§ **Data for this exercise**:
.....

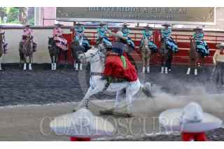 CIUDAD DE MÉXICO, 17MARZO2025.- El coordinador técnico de Cultura y Deporte del Instituto Mexicano del Seguro Social (IMSS), Héctor García Antonio, encabezó el evento “Cuna de la 1er Feria de Escaramuzas a Nivel Nacional IMSS 2025”, que busca promover la adopción de hábitos saludables a través del deporte para prevenir enfermedades crónico-degenerativas y reducir la tasa de obesidad en niñas y niños en etapa escolar. En el Lienzo Charro “Carlos Rincón Gallardo” se dieron cita más de 16 equipos femeniles que forman parte de los primeros planos nacionales de la Asociación Deportiva Institucional de Charros del IMSS, a través de los cuales, el Seguro Social busca relanzar esta disciplina y tener presencia en competencias de talla internacional. Durante el evento, los equipos representativos conformados por ocho mujeres hicieron gala de sus vestidos de adelitas y ejecutaron rutinas a caballo donde dieron muestra de esta tradición mexicana que busca acercar a la comunidad a esta tradición. FOTO: IMSS/CUARTOSCURO.COM
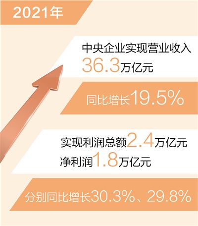 记者从国务院国资委了解到:去年中央企业经营规模、经济效益和运行质量保持稳中向好、快中提质,为我国经济发展作出重要贡献。2021年,中央企业实现营业收入36.3万亿元,同比增长19.5%,两年平均增长8.2%;实现利润总额2.4万亿元、净利润1.8万亿元,分别同比增长30.3%、29.8%,两年平均增速分别为14.5%、15.3%。营业收入、利润总额、净利润等主要指标均创历史最好水平。
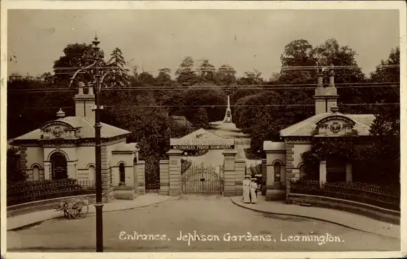 Ak Leamington Spa Warwickshire England, Jephson Gardens, Eingang
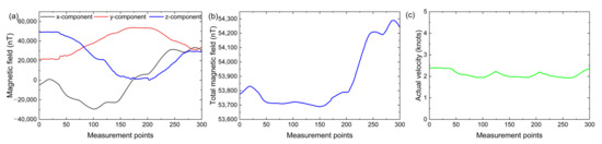 The measurement results at 2.1 knots: (a) magnetic-field components; (b) total magnetic field; and (c) actual velocity of UUV.
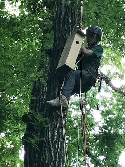 愛宕山の高い木にキツツキのための巣箱を取り付ける 2016年に発足したNPO法人「愛宕山てっぺん
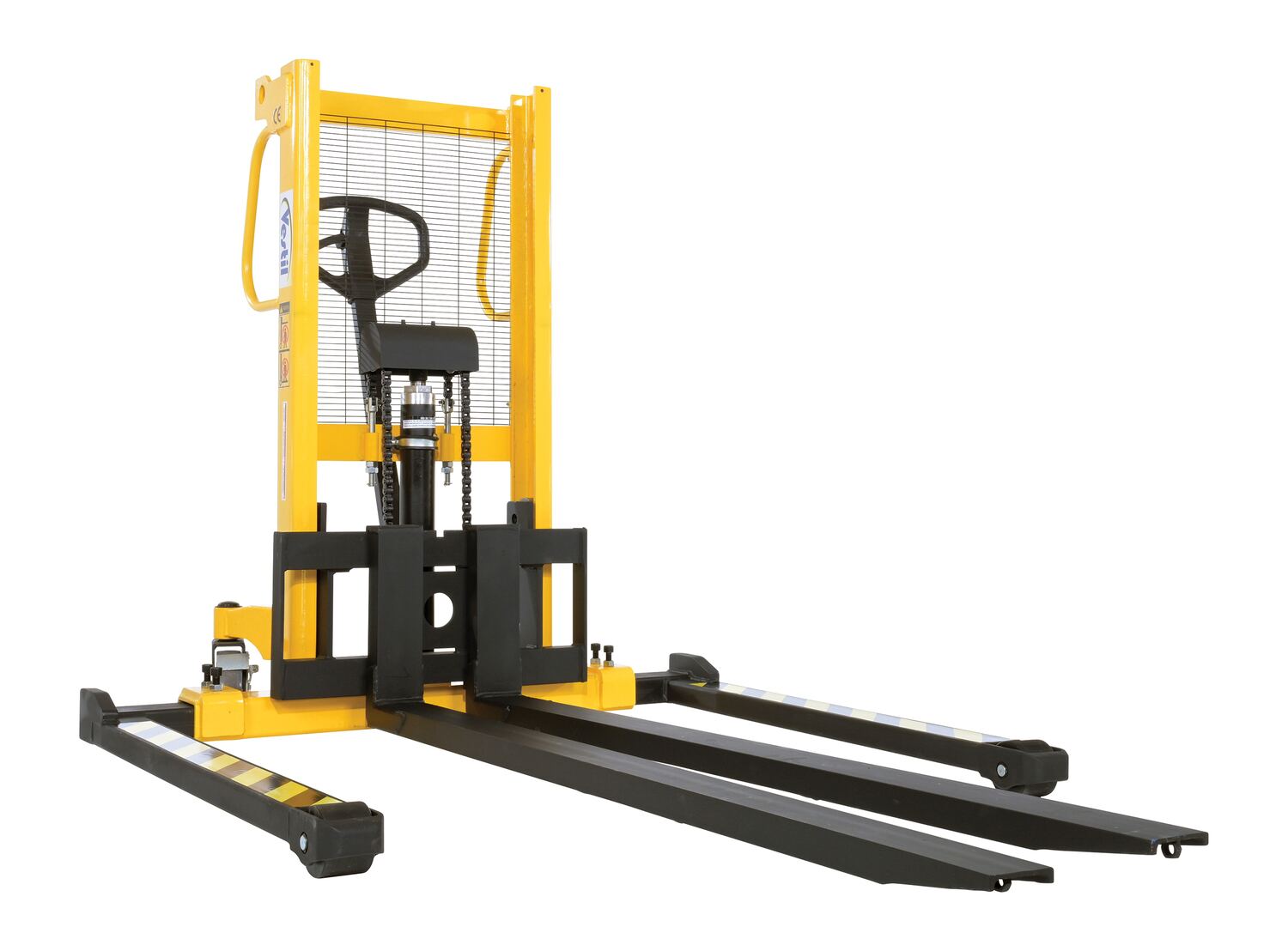 Steel Manual Stacker Adjustable Forks/Legs 550 Lb. Capacity Black / YellowThe manual stacker is designed to meet the most challenging tasks. Ideal for use in various workstation and workplace applications. The full height push handle allows for easy steering and excellent visibility through a welded mesh guard with an optional removable platform also available. It features a heavy-duty mast and a unique winch design for easier and safer lifting. The lifting and lowering is completed by a manual hand pump operation.

.....

§ **Work required**:
Return every entry word for word, minus the pictures.

§ **Output for this exercise**:
 CIUDAD DE MÉXICO, 17MARZO2025.- El coordinador técnico de Cultura y Deporte del Instituto Mexicano del Seguro Social (IMSS), Héctor García Antonio, encabezó el evento “Cuna de la 1er Feria de Escaramuzas a Nivel Nacional IMSS 2025”, que busca promover la adopción de hábitos saludables a través del deporte para prevenir enfermedades crónico-degenerativas y reducir la tasa de obesidad en niñas y niños en etapa escolar. En el Lienzo Charro “Carlos Rincón Gallardo” se dieron cita más de 16 equipos femeniles que forman parte de los primeros planos nacionales de la Asociación Deportiva Institucional de Charros del IMSS, a través de los cuales, el Seguro Social busca relanzar esta disciplina y tener presencia en competencias de talla internacional. Durante el evento, los equipos representativos conformados por ocho mujeres hicieron gala de sus vestidos de adelitas y ejecutaron rutinas a caballo donde dieron muestra de esta tradición mexicana que busca acercar a la comunidad a esta tradición. FOTO: IMSS/CUARTOSCURO.COM
 记者从国务院国资委了解到:去年中央企业经营规模、经济效益和运行质量保持稳中向好、快中提质,为我国经济发展作出重要贡献。2021年,中央企业实现营业收入36.3万亿元,同比增长19.5%,两年平均增长8.2%;实现利润总额2.4万亿元、净利润1.8万亿元,分别同比增长30.3%、29.8%,两年平均增速分别为14.5%、15.3%。营业收入、利润总额、净利润等主要指标均创历史最好水平。
 Ak Leamington Spa Warwickshire England, Jephson Gardens, Eingang
 The measurement results at 2.1 knots: (a) magnetic-field components; (b) total magnetic field; and (c) actual velocity of UUV.
 愛宕山の高い木にキツツキのための巣箱を取り付ける 2016年に発足したNPO法人「愛宕山てっぺん
 Steel Manual Stacker Adjustable Forks/Legs 550 Lb. Capacity Black / YellowThe manual stacker is designed to meet the most challenging tasks. Ideal for use in various workstation and workplace applications. The full height push handle allows for easy steering and excellent visibility through a welded mesh guard with an optional removable platform also available. It features a heavy-duty mast and a unique winch design for easier and safer lifting. The lifting and lowering is completed by a manual hand pump operation.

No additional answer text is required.